* Exercise: Word for word, copy all the data and drop the pictures.

* Given information:
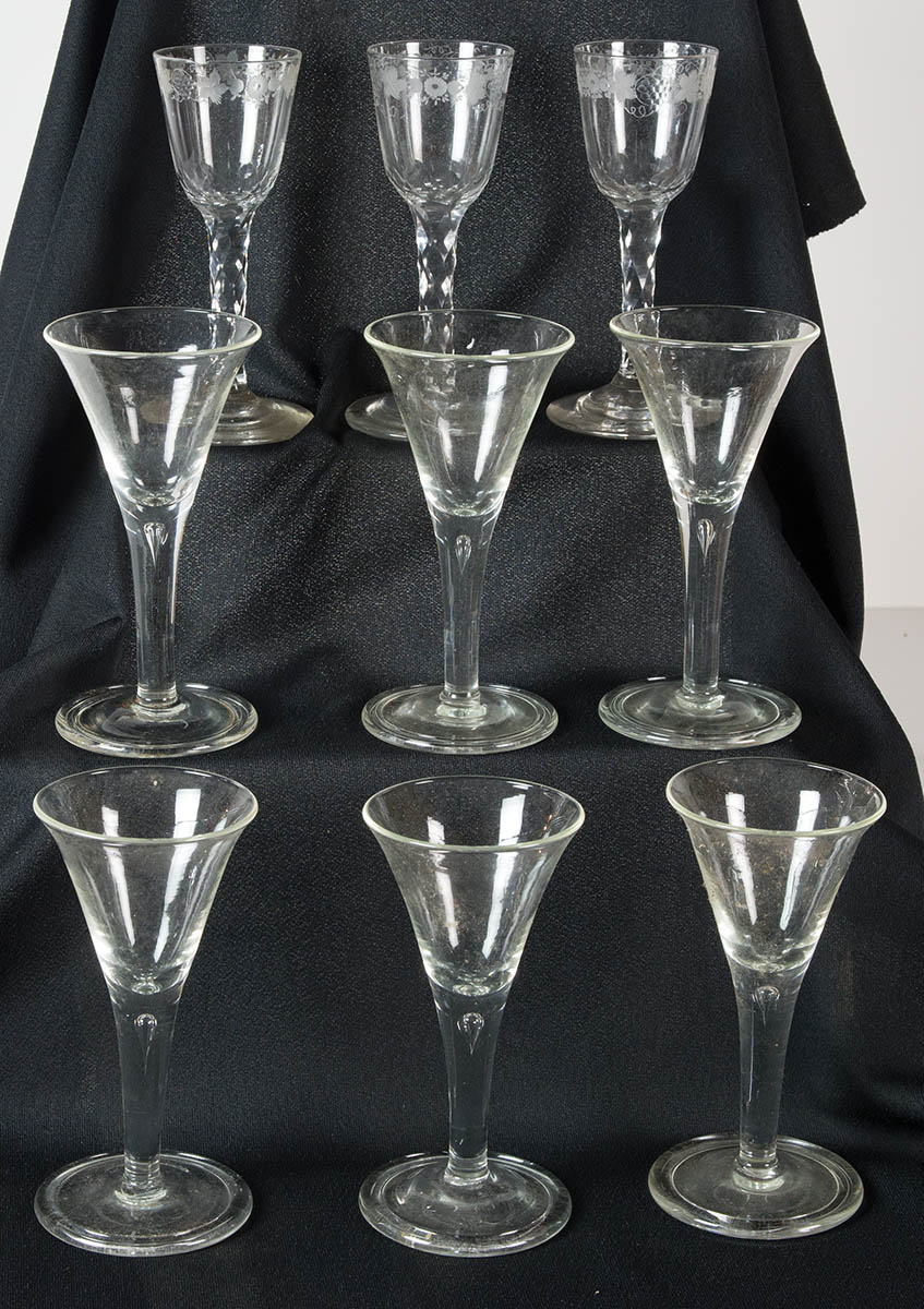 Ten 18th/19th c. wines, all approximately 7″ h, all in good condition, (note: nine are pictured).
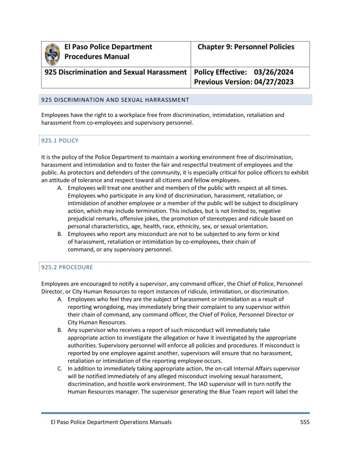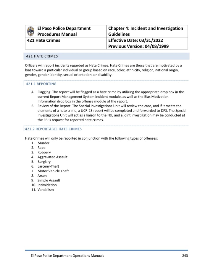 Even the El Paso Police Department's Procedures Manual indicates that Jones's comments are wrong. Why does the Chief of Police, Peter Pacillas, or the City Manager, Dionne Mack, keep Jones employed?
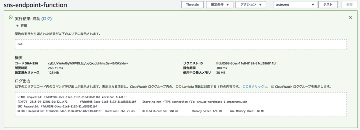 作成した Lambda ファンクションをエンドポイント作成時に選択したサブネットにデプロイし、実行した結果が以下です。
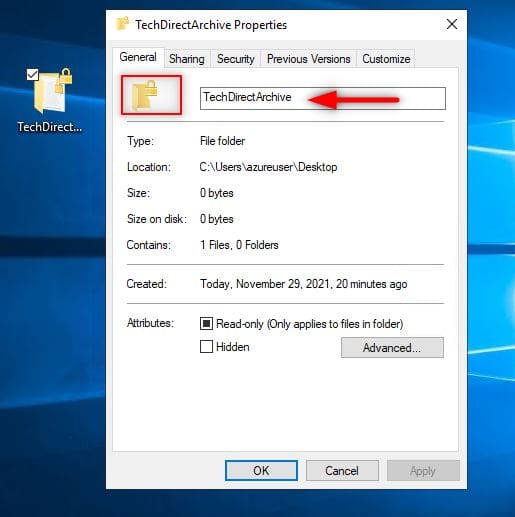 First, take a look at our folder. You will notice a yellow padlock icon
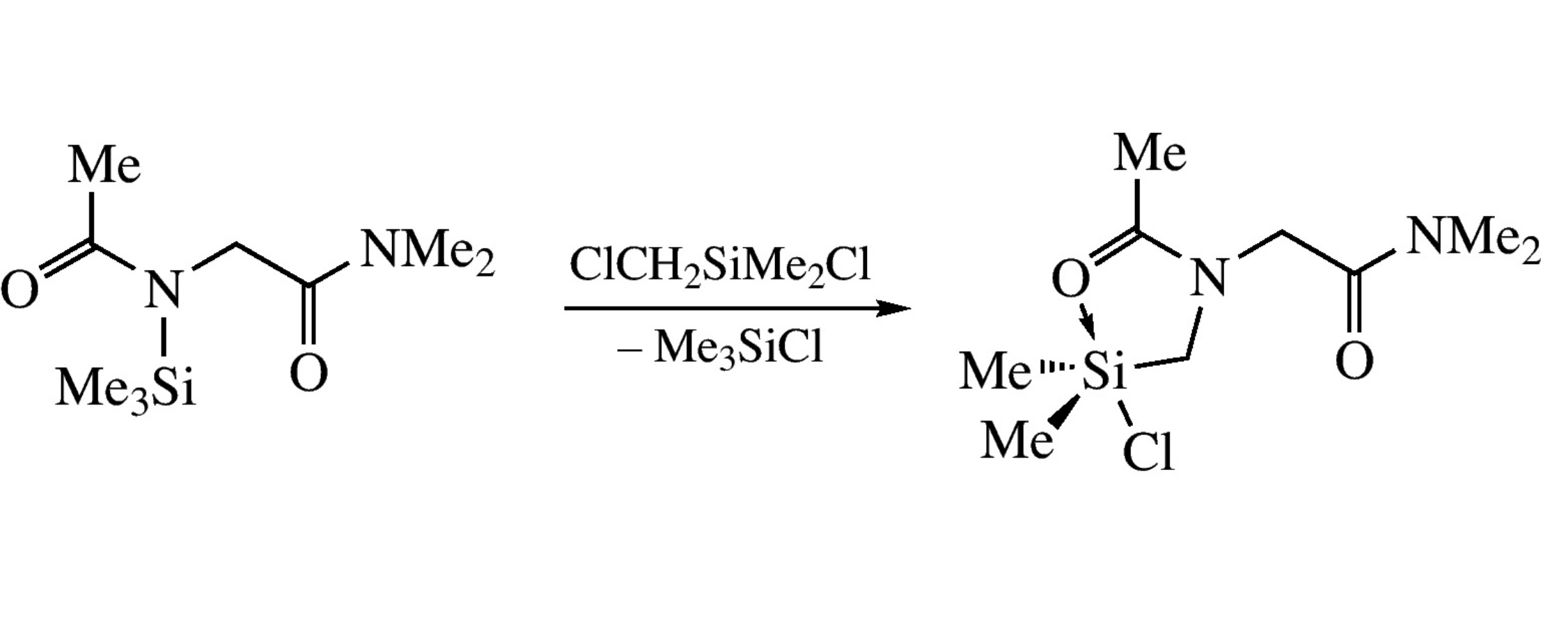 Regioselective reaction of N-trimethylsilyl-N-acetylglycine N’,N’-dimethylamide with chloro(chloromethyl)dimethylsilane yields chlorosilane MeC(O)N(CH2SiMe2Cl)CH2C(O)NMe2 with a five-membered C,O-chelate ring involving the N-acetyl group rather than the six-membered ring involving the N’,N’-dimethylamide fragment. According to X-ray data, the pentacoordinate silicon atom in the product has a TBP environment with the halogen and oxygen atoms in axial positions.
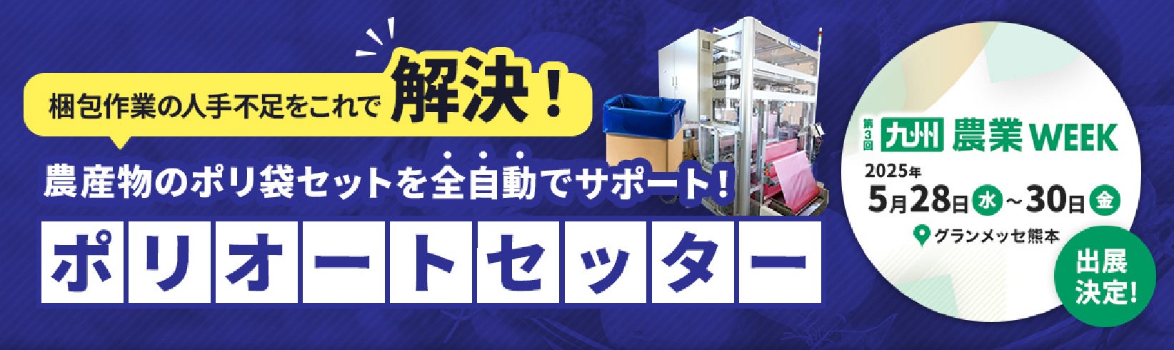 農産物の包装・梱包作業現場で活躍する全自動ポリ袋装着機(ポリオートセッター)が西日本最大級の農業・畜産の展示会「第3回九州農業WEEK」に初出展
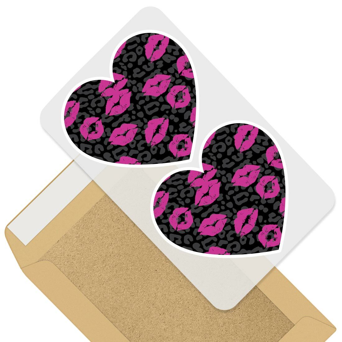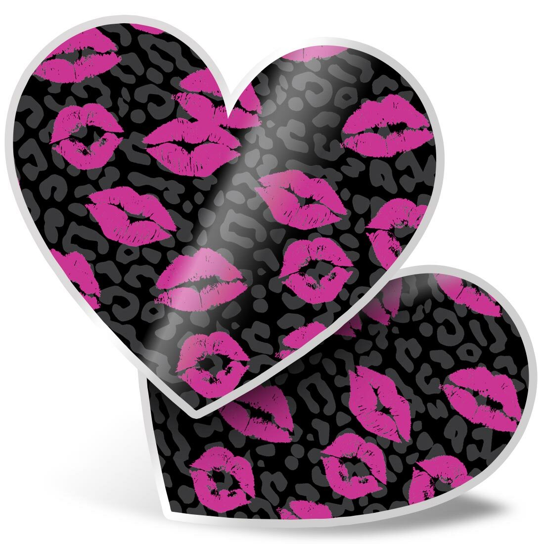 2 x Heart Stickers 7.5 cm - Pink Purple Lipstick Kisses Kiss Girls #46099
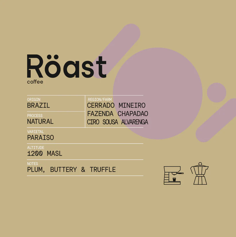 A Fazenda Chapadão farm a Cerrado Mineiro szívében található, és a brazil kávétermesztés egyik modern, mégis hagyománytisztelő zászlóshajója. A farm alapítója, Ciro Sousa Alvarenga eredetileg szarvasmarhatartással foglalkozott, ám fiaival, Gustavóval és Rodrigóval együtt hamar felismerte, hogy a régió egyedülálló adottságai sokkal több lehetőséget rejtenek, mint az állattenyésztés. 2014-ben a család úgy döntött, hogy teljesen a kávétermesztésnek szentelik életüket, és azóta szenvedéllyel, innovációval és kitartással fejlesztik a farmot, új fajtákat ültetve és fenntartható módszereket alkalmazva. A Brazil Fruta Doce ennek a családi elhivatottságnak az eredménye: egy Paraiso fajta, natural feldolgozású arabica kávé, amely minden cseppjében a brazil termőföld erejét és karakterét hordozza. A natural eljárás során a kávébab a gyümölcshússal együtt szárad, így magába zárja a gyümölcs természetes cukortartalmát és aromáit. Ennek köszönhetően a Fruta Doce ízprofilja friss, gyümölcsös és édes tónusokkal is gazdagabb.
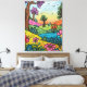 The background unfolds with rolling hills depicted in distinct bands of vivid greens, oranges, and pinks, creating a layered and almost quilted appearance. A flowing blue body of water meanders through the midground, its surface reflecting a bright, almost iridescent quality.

* Solution:
 Ten 18th/19th c. wines, all approximately 7″ h, all in good condition, (note: nine are pictured).
 Even the El Paso Police Department's Procedures Manual indicates that Jones's comments are wrong. Why does the Chief of Police, Peter Pacillas, or the City Manager, Dionne Mack, keep Jones employed?
 作成した Lambda ファンクションをエンドポイント作成時に選択したサブネットにデプロイし、実行した結果が以下です。
 First, take a look at our folder. You will notice a yellow padlock icon
 Regioselective reaction of N-trimethylsilyl-N-acetylglycine N’,N’-dimethylamide with chloro(chloromethyl)dimethylsilane yields chlorosilane MeC(O)N(CH2SiMe2Cl)CH2C(O)NMe2 with a five-membered C,O-chelate ring involving the N-acetyl group rather than the six-membered ring involving the N’,N’-dimethylamide fragment. According to X-ray data, the pentacoordinate silicon atom in the product has a TBP environment with the halogen and oxygen atoms in axial positions.
 農産物の包装・梱包作業現場で活躍する全自動ポリ袋装着機(ポリオートセッター)が西日本最大級の農業・畜産の展示会「第3回九州農業WEEK」に初出展
 2 x Heart Stickers 7.5 cm - Pink Purple Lipstick Kisses Kiss Girls #46099
 A Fazenda Chapadão farm a Cerrado Mineiro szívében található, és a brazil kávétermesztés egyik modern, mégis hagyománytisztelő zászlóshajója. A farm alapítója, Ciro Sousa Alvarenga eredetileg szarvasmarhatartással foglalkozott, ám fiaival, Gustavóval és Rodrigóval együtt hamar felismerte, hogy a régió egyedülálló adottságai sokkal több lehetőséget rejtenek, mint az állattenyésztés. 2014-ben a család úgy döntött, hogy teljesen a kávétermesztésnek szentelik életüket, és azóta szenvedéllyel, innovációval és kitartással fejlesztik a farmot, új fajtákat ültetve és fenntartható módszereket alkalmazva. A Brazil Fruta Doce ennek a családi elhivatottságnak az eredménye: egy Paraiso fajta, natural feldolgozású arabica kávé, amely minden cseppjében a brazil termőföld erejét és karakterét hordozza. A natural eljárás során a kávébab a gyümölcshússal együtt szárad, így magába zárja a gyümölcs természetes cukortartalmát és aromáit. Ennek köszönhetően a Fruta Doce ízprofilja friss, gyümölcsös és édes tónusokkal is gazdagabb.
 The background unfolds with rolling hills depicted in distinct bands of vivid greens, oranges, and pinks, creating a layered and almost quilted appearance. A flowing blue body of water meanders through the midground, its surface reflecting a bright, almost iridescent quality.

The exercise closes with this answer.